High temperature oxidation behavior of plasma sprayed fly ash reinforced NiAl and NiCr coatings on inconel-600

High-temperature oxidation and hot corrosion resistance are critical requirements for metallic structural components deployed in medical waste incineration systems, where operating temperatures of 950–1100°C combine with aggressive combustion atmospheres rich in vanadates, alkali sulfates, and chlorine-bearing species. This study investigates the oxidation behavior of plasma-sprayed fly ash composite coatings incorporating NiAl and NiCr binder phases on Inconel-600 superalloy substrates, following 1000 h of cyclic thermal exposure in the secondary chamber of an operational medical waste incinerator.
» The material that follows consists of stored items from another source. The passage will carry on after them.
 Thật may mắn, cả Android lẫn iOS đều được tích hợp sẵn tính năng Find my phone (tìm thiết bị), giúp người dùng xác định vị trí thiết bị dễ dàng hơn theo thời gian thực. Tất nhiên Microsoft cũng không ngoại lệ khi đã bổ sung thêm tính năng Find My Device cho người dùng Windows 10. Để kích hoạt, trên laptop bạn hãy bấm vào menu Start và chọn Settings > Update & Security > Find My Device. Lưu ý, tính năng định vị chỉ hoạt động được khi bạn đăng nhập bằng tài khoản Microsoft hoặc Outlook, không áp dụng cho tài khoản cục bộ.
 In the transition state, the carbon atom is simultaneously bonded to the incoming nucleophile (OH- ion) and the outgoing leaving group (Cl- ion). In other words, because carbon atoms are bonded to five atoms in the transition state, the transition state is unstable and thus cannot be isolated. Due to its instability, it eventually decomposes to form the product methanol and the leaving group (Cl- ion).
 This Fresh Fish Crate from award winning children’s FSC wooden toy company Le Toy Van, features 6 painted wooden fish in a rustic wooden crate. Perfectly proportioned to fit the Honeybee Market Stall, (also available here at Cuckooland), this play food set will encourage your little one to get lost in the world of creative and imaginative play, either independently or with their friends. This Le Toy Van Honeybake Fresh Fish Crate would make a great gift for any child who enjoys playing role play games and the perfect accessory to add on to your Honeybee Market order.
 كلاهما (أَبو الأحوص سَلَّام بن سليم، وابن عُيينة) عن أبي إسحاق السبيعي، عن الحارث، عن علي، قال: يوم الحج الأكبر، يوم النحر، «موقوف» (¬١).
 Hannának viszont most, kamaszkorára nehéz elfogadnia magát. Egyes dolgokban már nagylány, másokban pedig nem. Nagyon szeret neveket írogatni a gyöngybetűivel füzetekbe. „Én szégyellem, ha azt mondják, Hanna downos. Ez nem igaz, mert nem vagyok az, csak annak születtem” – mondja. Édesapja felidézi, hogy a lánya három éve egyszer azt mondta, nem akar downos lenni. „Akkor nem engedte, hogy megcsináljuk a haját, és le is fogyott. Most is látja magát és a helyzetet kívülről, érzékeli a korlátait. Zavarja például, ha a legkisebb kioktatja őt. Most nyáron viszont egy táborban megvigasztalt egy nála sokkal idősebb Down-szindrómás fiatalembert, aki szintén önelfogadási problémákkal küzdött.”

Seven sample configurations were evaluated: one uncoated baseline (S1), three NiAl-based coatings with fly ash contents of 60, 70, and 80 wt% (S2–S4), and three corresponding NiCr-based coatings (S5–S7). Coating performance was assessed through surface roughness profilometry, micro-Vickers hardness testing, gravimetric analysis, corrosion penetration rate measurements, scanning electron microscopy, and X-ray diffraction analysis conducted before and after oxidation exposure. NiAl-based coatings formed slow-growing, adherent alumina scales with weight gains of 1.2–2.5 mg/cm² and parabolic oxidation kinetics, while NiCr-based coatings developed chromia scales susceptible to catastrophic hot corrosion, exhibiting weight gains of 4.5–5.7 mg/cm² and paralinear kinetics driven by vanadate fluxing, sulfidation, and repeated spallation. Sample S2 with 60% fly ash and 40% NiAl achieved the lowest weight gain of 1.2 mg/cm² and corrosion rate of 4.4 mpy, performance comparable to commercial MCrAlY bond coat systems. XRD analysis confirmed the formation of non-protective CrVO₄, NaCrO₂, and CrS phases exclusively in NiCr samples, validating Type I hot corrosion as the dominant degradation mechanism. The overall performance ranking S2 > S3 > S4 > S1 > S5 > S6 > S7 demonstrates that the nature of the protective oxide scale governs oxidation resistance more decisively than fly ash concentration, establishing NiAl additions as essential for durable high-temperature protection in fly ash-laden combustion environments.